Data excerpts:
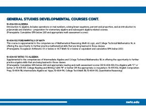 GENERAL STUDIES DEVELOPMENTAL COURSES CONT .
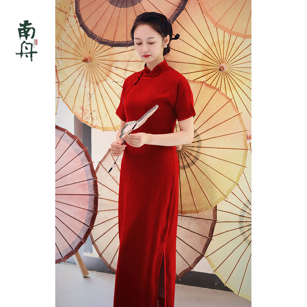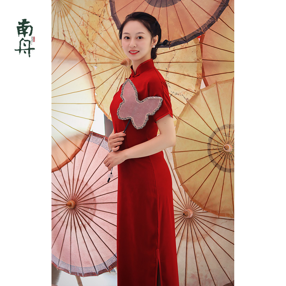 剪彩旗袍礼仪短款 织锦缎走秀表演拍照礼服演出服 旗袍改良复古修身
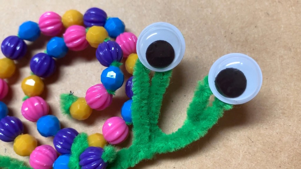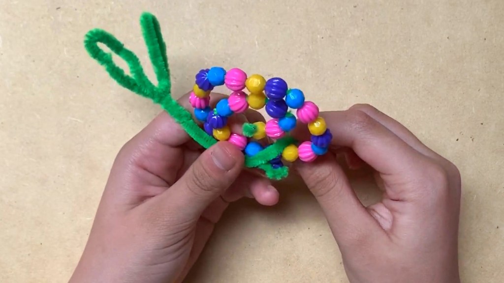 Rolled pipe cleaners can easily stretch out because they are weak. So hold the two strings together so that they won’t stretch out. And then secure them by winding them twice with the pipe cleaner that you’ve made for the eyes. Tighten the pipe cleaner between the beads.
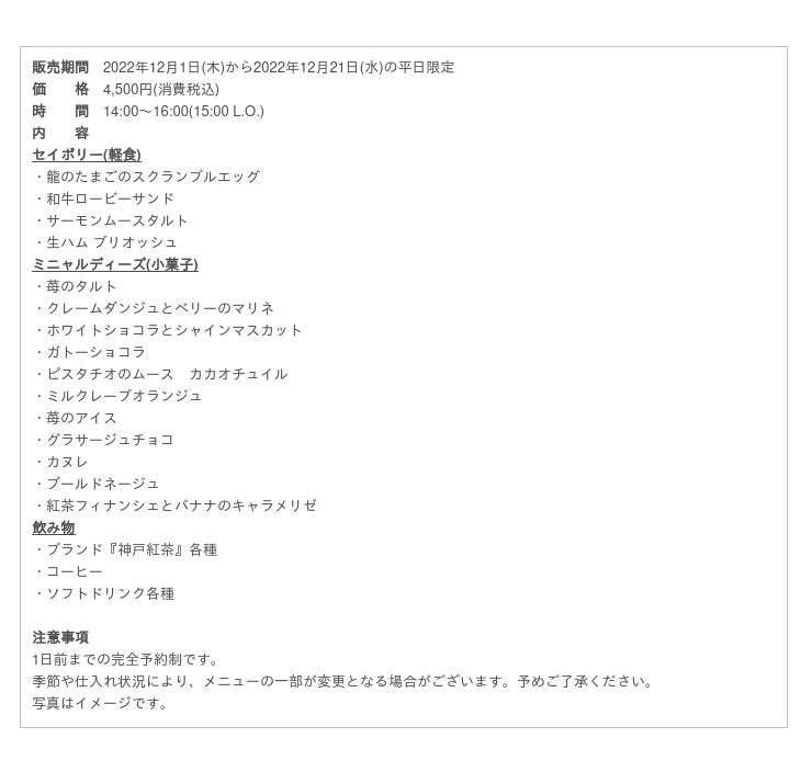 クリスマスに欠かせないフルーツといえばやっぱり“苺”。苺を可愛く美味しくアレンジし、ホワイトショコラなどで華やかなクリスマスを表現しました。ドリンクでご利用頂ける紅茶には、紅茶鑑定士が厳選した茶葉のみを使用したブランド紅茶「神戸紅茶」をご用意。香り高い紅茶と共に、クリスマス期間だけのAfternoon Teaをお楽しみください。
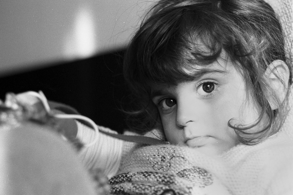 La parte in primo piano è un ginocchio che ha alzato, un istante prima che io scattassi. Cercavo proprio un taglio che diminuisse l'impatto di questo brutto sfuocato, concetrando l'attenzione sullo sguardo... ora mi sembra impossibile non esserci arrivato da solo
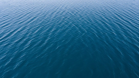 A serene view of calm ocean water surface with gentle ripples and vibrant blue tones.
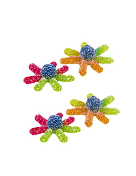 Složení: Glukózový sirup, cukr, voda, želatina, zvlhčovadlo (glycerol), želírující látka (acetylovaný škrob), kyseliny(kys.mléčná, kys. jablečná, kys. citronová), regulátor kyselosti (laktát sodný, E350), barviva: brilantní modř CFC, E102, E110, E129
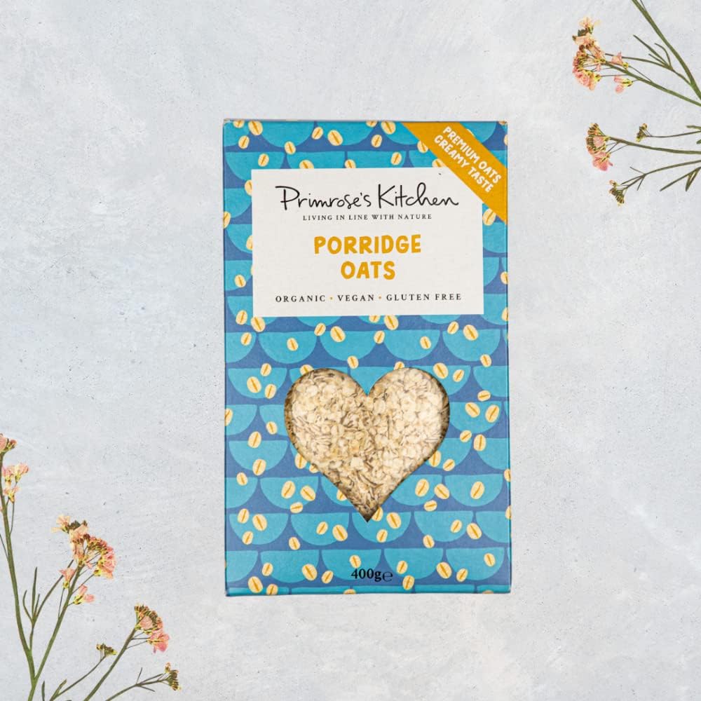 Primrose'S Kitchen - Organic Porridge Oats, 400G (Pack Of 6) Gluten Free Jumbo Oats Natural & Wheat Free. A Great Source Of Iron, Protein, Folate, Vitamin B1 & Prebiotic Fibre With No Added Sugar
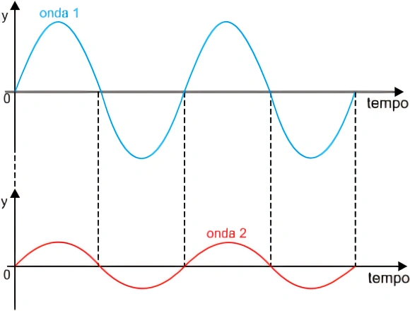 FísicaCUSC2021Duas ondas senoidais, 1 e 2, propagam-se por duas cordas idênticas com velocidades iguais e constantes. Na figura estão representadas, em função do tempo, as coordenadas verticais (y) de dois pontos, um de cada corda, em uma mesma escala.
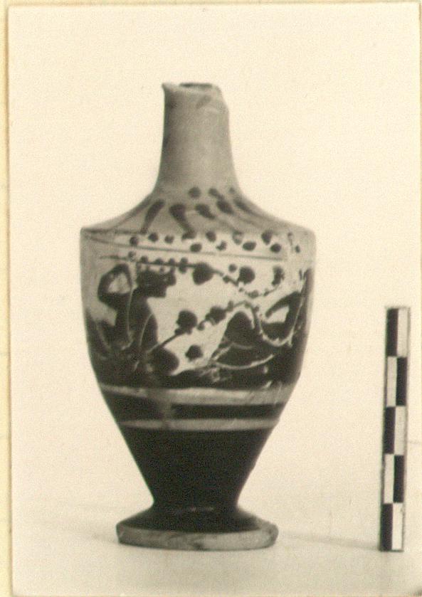 | Description: | White Ground. Mouth missing. General type as P 24316 (ΣΑ 2526): This is the characteristic general type for the large proportion of the lekythoi from this group. Bell mouth with variations in height and spread; lip usually reserved, occasionally glazed. Disk foot of varying thickness; below picture either one or two reserved lines. Added colors more or less well preserved. Only substantial variations are noted in the following descriptions. Shoulder: dots above rays. Above scene: double row of dots. Scene: two figures reclining on the ground left. | |
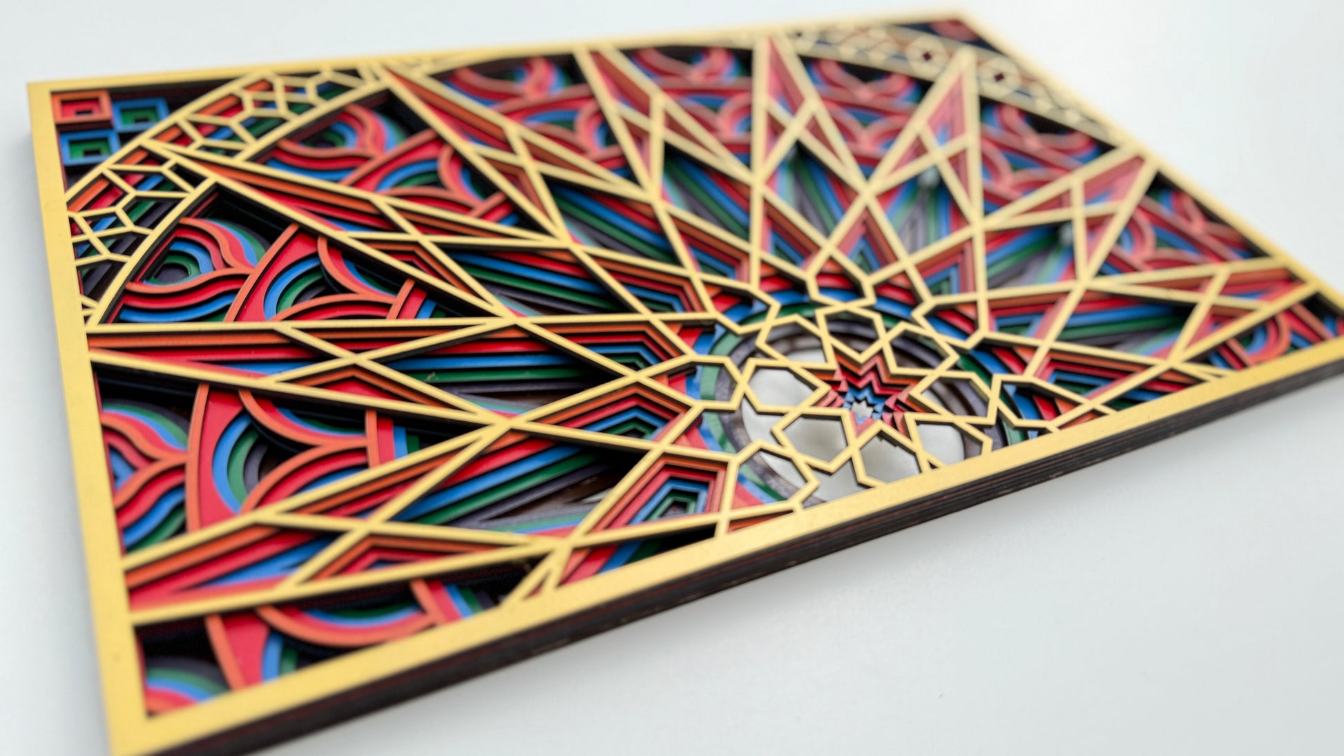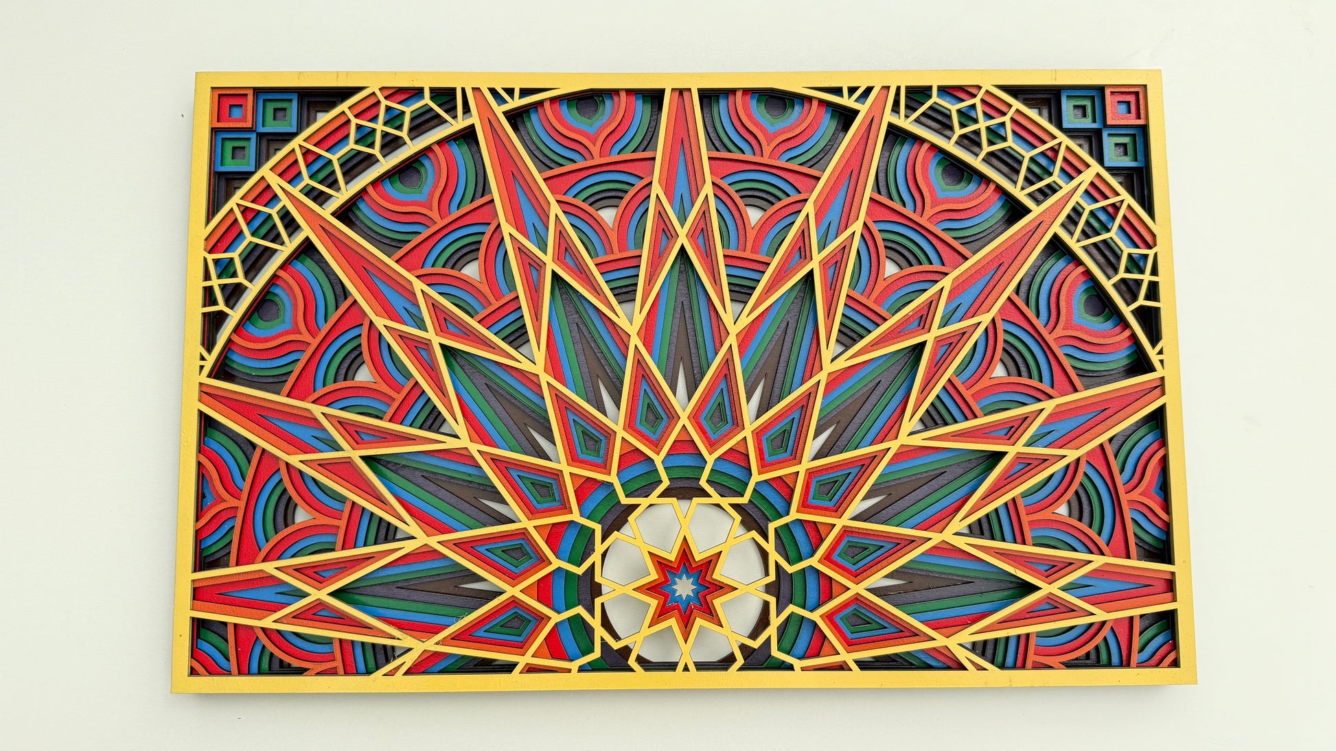 Inspired by the rising sun, this bold geometric design combines 7 laser-cut layers in vivid tones of red, blue, green, and yellow. Every detail is meticulously made as a perfect statement piece for modern homes, studios, or creative spaces.
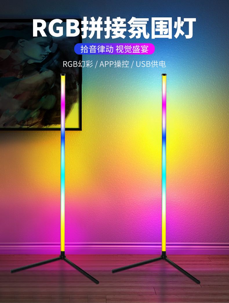 새로운 rgb 블루투스 원격 제어 플로어 램프 실내 거실 전자 스포츠 룸 코너 바닥 서 인터넷 레드 픽업 분위기 램프
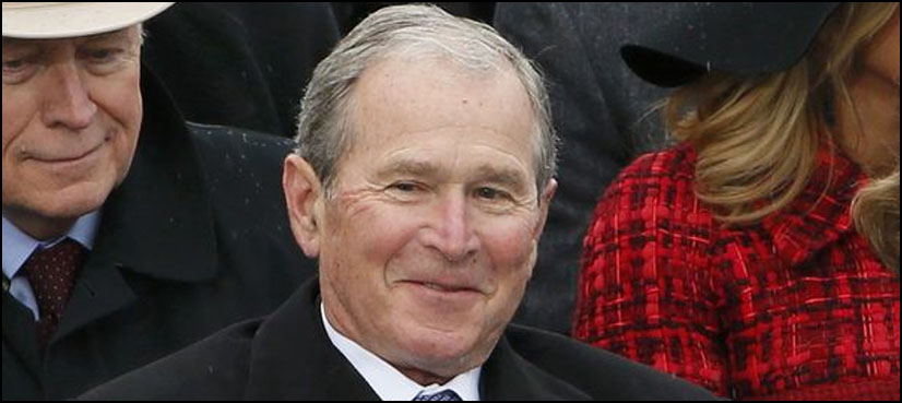 Ex-president Bush struggles with rain poncho at Trump inauguration
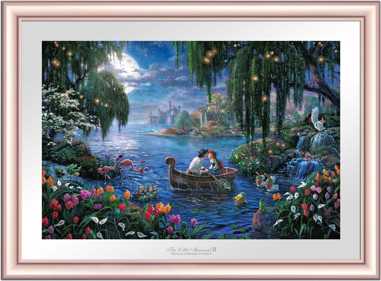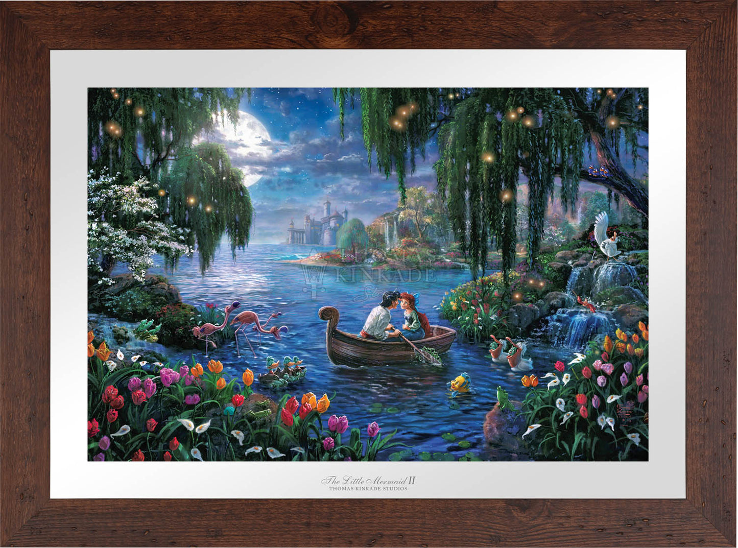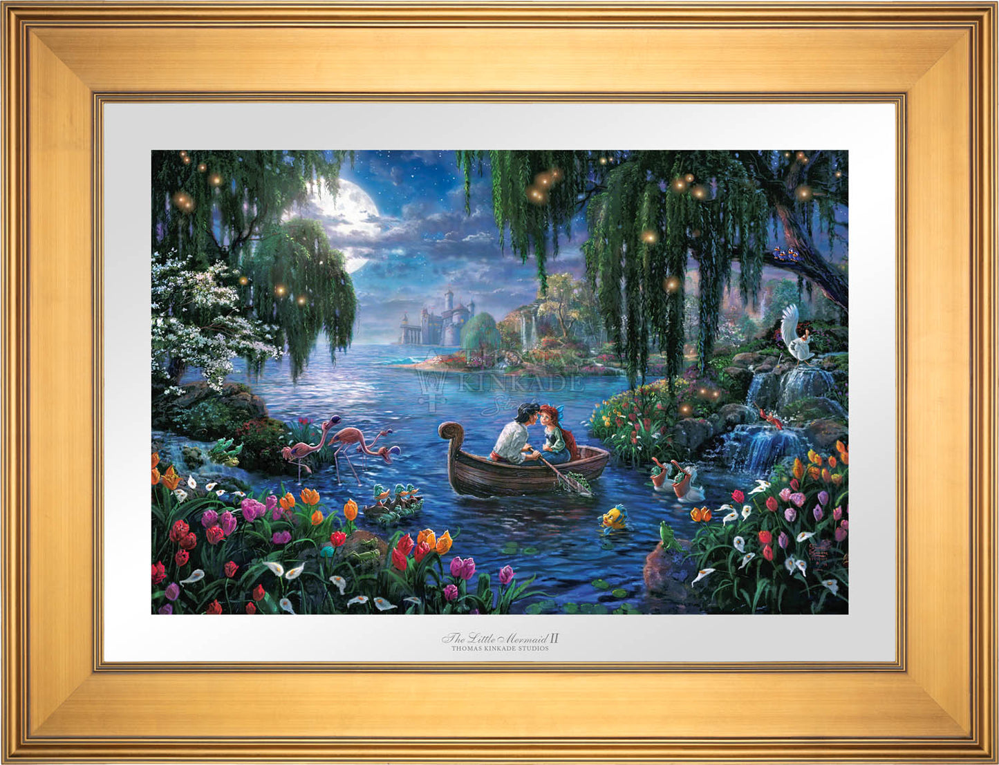 Call UsWhen Thomas Kinkade first took brush to canvas on his classic Disney painting, Disney The Little Mermaid, he paused to write that the film "captures the innocent nature of first love. Love is powerful, love is captivating and first love absolutely enchants!" And when first love becomes true love, it lasts forever. In Disney The Little Mermaid II, the Thomas Kinkade Studios capture the moment when love first awakens. Prince Eric and Ariel are on a boat in the blue lagoon surrounded by Scuttle, Sebastian, Flounder and friends who have prepared the mood in hopes that the couple will find their enchanted love. There she sits across the way, will he kiss the girl? Join us in celebrating this magical moment between Prince Eric and Ariel.

ACTIVITY — The records shown above are to be repeated exactly, with the pictures left out.

EXERCISE RESULT —
 GENERAL STUDIES DEVELOPMENTAL COURSES CONT .
 剪彩旗袍礼仪短款 织锦缎走秀表演拍照礼服演出服 旗袍改良复古修身
 Rolled pipe cleaners can easily stretch out because they are weak. So hold the two strings together so that they won’t stretch out. And then secure them by winding them twice with the pipe cleaner that you’ve made for the eyes. Tighten the pipe cleaner between the beads.
 クリスマスに欠かせないフルーツといえばやっぱり“苺”。苺を可愛く美味しくアレンジし、ホワイトショコラなどで華やかなクリスマスを表現しました。ドリンクでご利用頂ける紅茶には、紅茶鑑定士が厳選した茶葉のみを使用したブランド紅茶「神戸紅茶」をご用意。香り高い紅茶と共に、クリスマス期間だけのAfternoon Teaをお楽しみください。
 La parte in primo piano è un ginocchio che ha alzato, un istante prima che io scattassi. Cercavo proprio un taglio che diminuisse l'impatto di questo brutto sfuocato, concetrando l'attenzione sullo sguardo... ora mi sembra impossibile non esserci arrivato da solo
 A serene view of calm ocean water surface with gentle ripples and vibrant blue tones.
 Složení: Glukózový sirup, cukr, voda, želatina, zvlhčovadlo (glycerol), želírující látka (acetylovaný škrob), kyseliny(kys.mléčná, kys. jablečná, kys. citronová), regulátor kyselosti (laktát sodný, E350), barviva: brilantní modř CFC, E102, E110, E129
 Primrose'S Kitchen - Organic Porridge Oats, 400G (Pack Of 6) Gluten Free Jumbo Oats Natural & Wheat Free. A Great Source Of Iron, Protein, Folate, Vitamin B1 & Prebiotic Fibre With No Added Sugar
 FísicaCUSC2021Duas ondas senoidais, 1 e 2, propagam-se por duas cordas idênticas com velocidades iguais e constantes. Na figura estão representadas, em função do tempo, as coordenadas verticais (y) de dois pontos, um de cada corda, em uma mesma escala.
 | Description: | White Ground. Mouth missing. General type as P 24316 (ΣΑ 2526): This is the characteristic general type for the large proportion of the lekythoi from this group. Bell mouth with variations in height and spread; lip usually reserved, occasionally glazed. Disk foot of varying thickness; below picture either one or two reserved lines. Added colors more or less well preserved. Only substantial variations are noted in the following descriptions. Shoulder: dots above rays. Above scene: double row of dots. Scene: two figures reclining on the ground left. | |
 Inspired by the rising sun, this bold geometric design combines 7 laser-cut layers in vivid tones of red, blue, green, and yellow. Every detail is meticulously made as a perfect statement piece for modern homes, studios, or creative spaces.
 새로운 rgb 블루투스 원격 제어 플로어 램프 실내 거실 전자 스포츠 룸 코너 바닥 서 인터넷 레드 픽업 분위기 램프
 Ex-president Bush struggles with rain poncho at Trump inauguration
 Call UsWhen Thomas Kinkade first took brush to canvas on his classic Disney painting, Disney The Little Mermaid, he paused to write that the film "captures the innocent nature of first love. Love is powerful, love is captivating and first love absolutely enchants!" And when first love becomes true love, it lasts forever. In Disney The Little Mermaid II, the Thomas Kinkade Studios capture the moment when love first awakens. Prince Eric and Ariel are on a boat in the blue lagoon surrounded by Scuttle, Sebastian, Flounder and friends who have prepared the mood in hopes that the couple will find their enchanted love. There she sits across the way, will he kiss the girl? Join us in celebrating this magical moment between Prince Eric and Ariel.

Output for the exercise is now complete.